Ada’s character development within the novel is complete in that gloss slipped into the place of the Baucis and Philemon myth. She who entered the novel as a mere girl from Charleston has become a self-sufficient pioneer with the moxy now to mark solstices, clear trees, team a workhorse, and survive an involuntary amputation. Through the novel’s nearly 450 pages, Ada progresses from a girl dressed in chiffon and trained too closely in classical literature and has become this capable woman. Readers of the novel will note how fitting is the detail that Ruby so effectively poulticed the wound. And they will note how very much like Ruby Ada herself has become. Indeed, the narrative has proved that Ruby and Ada together can do without Inman. And in this light that final intertwining of two lovers “after long years” must be the remarkable joining of Ada and Ruby.

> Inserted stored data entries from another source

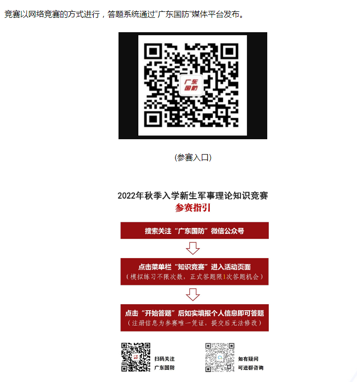 根据国务院办公厅、中央军委办公厅《关于深化学生军事训练改革的意见》和广东省人民政府办公厅、广东省军区战备建设局《广东省深化学生军事训练改革实施办法》,为积极推进学校国防教育和学生军事训练改革,适应新时代、新特点、新要求,广东省教育厅、广东省人力资源和社会保障厅、广东省军区战备建设局决定联合组织全省普通高校2023年秋季入学新生军事理论知识竞赛。现将有关事项通知如下:
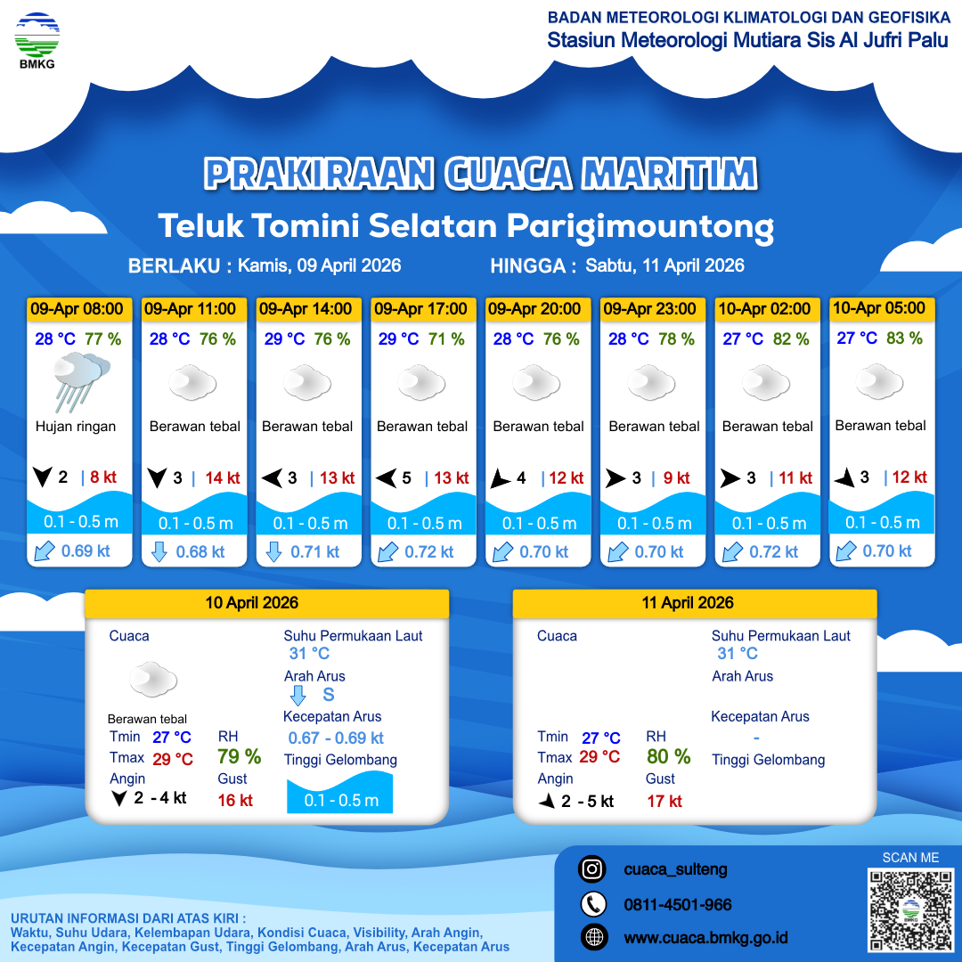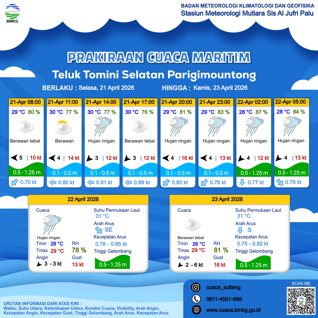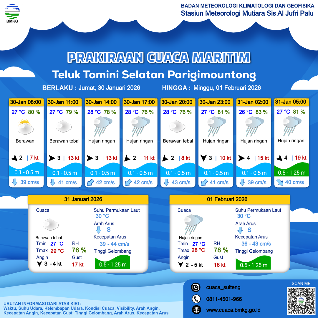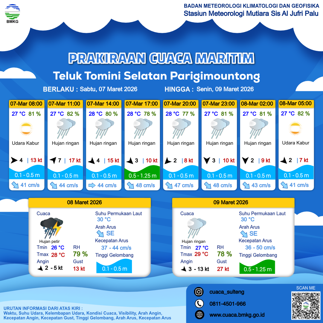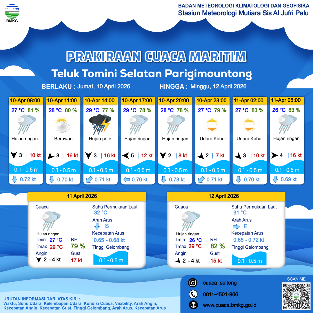 Prakiraan Cuaca Perairan Teluk Tomini Selatan Parigimountong
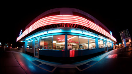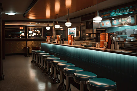 fast food restaurant with dimly lit interiors and retro design, bringing back the nostalgia of classic 1950s diners, created with generative ai

Linda Hutcheon’s Theory of Adaptation calls for adaptations to be “extended intertextual engagement[s] with the adapted work”. (8) Because the myth of Baucis and Philemon receives far less than extended engagement within Cold Mountain, we are best able to conclude with applying the mythological adaptation only to the novel’s formal “Epilogue: October of 1874”, pages 446-49, rather than to the whole novel. There Homer’s Odyssey receives extended adaptation. The reference to Baucis and Philemon does not formally qualify Cold Mountain as an adaptation of the myth. For, the myth is not sustained across the novel. That sort of adaptation certainly applies to the novel’s adaptations of Ada as Penelope and Inman as Odysseus. I shall argue elsewhere that reading Ruby’s development within the novel as an Athena adaptation is a thoroughly sustainable. I would like to believe, though, that that argument needs to transpire in a venue where there is more time and space for appropriate development.

I would assign to the novel the OGCMA index Penelope2.0011_Frazier or OdysseusReturn2.0011, preferring the former because of the novelist’s more surprising development of Ada’s character.

_____ Roger T. Macfarlane

Charles Frazier (1997), Cold Mountain: a novel (New York: Vintage Books) — winner of the National Book Award.
The New York Times Book Review noted that “he has reset much of the Odyssey in 19th-century America, near the end of the Civil War.”

Linda Hutcheon (2013), A Theory of Adaptation, 2nd ed. (London and New York: Routledge), 8-9.

see Emily A. McDermott (2004), “Frazier Polymetis: Cold Mountain and the Odyssey” Classical and Modern Literature 24.2: 101-24.       http://scholarworks.umb.edu/classics_faculty_pubs/5
This is a very useful article featuring salient observation, backed by careful documentation.
“The most extensive, systematic and thematically significant intertextuality between Cold Mountain and the Odyssey occurs in the characterization of Inman, in the portrayal of his relationship with Ada and in the reunion of the two at end of the novel.”
—— McDermott’s article is downright good, to be sure, but I would argue that the characterization of Ruby as Athena, especially in her enhanced adaptation as Ada/Penelope’s formative helpmeet is even more compelling and more systematically significant than Inman’s as Odysseus.